Like a continent, the mass of the Shield moved to kneel beside Tara.
Through her gasps, she couldn’t help but utter the word. “Who?”
Of course, she knew it wasn’t Chowwick. She had seen him die. The Griid held many wonders, but death was final. She knew that. As much as the suit was clearly the Shield of Boston, it was also just as clearly not Chowwick’s. The suit changed in time, adapting to the wearer. I could feel my own already shifting, becoming less nondescript. Sharp ridges were slowly forming on my chest and shoulders. I didn’t know the meaning of the adornments, but I could feel them growing every day, like the torturous emergence of a new tooth.

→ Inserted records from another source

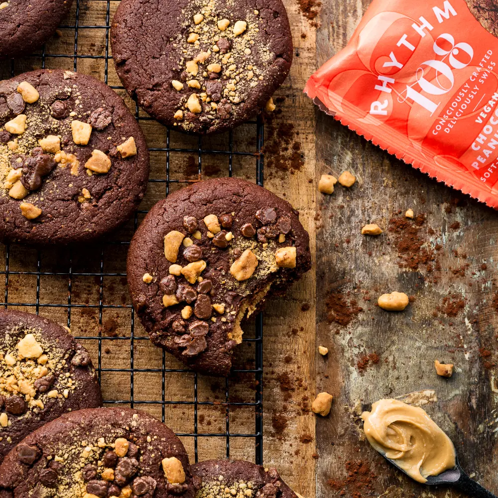 Rhythm108 Schokolade Erdnussbutter Cookies – weich, cremig und voller nussiger Aromen für genussvolle Momente.
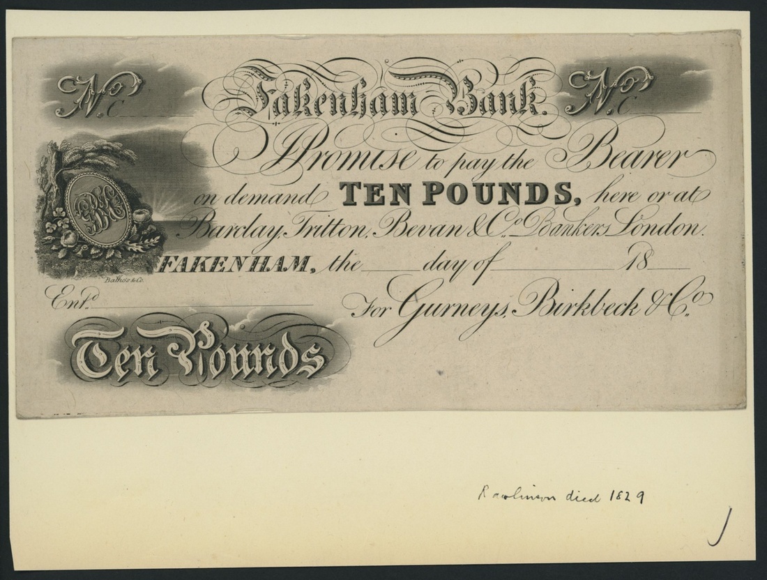 Fakenham Bank, obverse proof on card £10, 18xx (ND 1887-1896), for Gurneys, Birkbeck & Co.
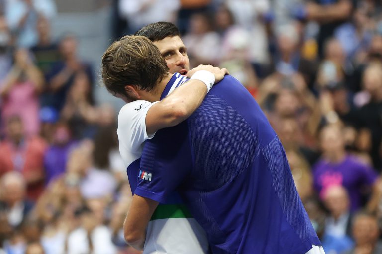 A második kiemelt Danyiil Medvegyev 6:4, 6:4, 6:4-re legyőzte a világelső Novak Djokovicot a US Open férfi döntőjében, amit úgy ünnepelt meg, hogy nagyon sok néző csak a fejét vakarta zavarában.
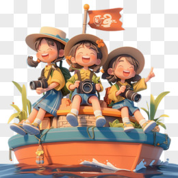 3D卡通三个小女孩坐着小船游玩免抠元素

The Shield who knelt by Tara wore a suit that was pristine and blank. It was new to its wearer. She could see that.
The helm of the suit melted away, the broad face and tangled hair of the wearer suddenly there to be bitten by the frozen air.
“I can help,” Olaf said.
“Olaf…” I didn’t know how to tell him it was hopeless. Of course, he would want to, of course, he would believe he could. There was nothing Olaf seemed to be that we all shouldn’t aspire to. He humbled me. Worse, he shamed me.
As Olaf’s hands reached toward the wound, I saw Tara withdrawing hers. It confused me. Why would she let him take her place? She was a friend to Magneblade, he was a nothing. He was a child, the rawest of rookies. But there was something in the way she pulled her hands back, giving the wound over to Olaf, that struck me deeply. Was it belief? Was it desperation? I couldn’t tell. But a strange and pointless hope sprang within me.
As his hands settled on the wound, he looked up at me. His eyes were glassy, dazed, and confused. His voice cracked as he spoke, “I don’t know exactly how… I… I have a skill… it’s right there on my HUD…”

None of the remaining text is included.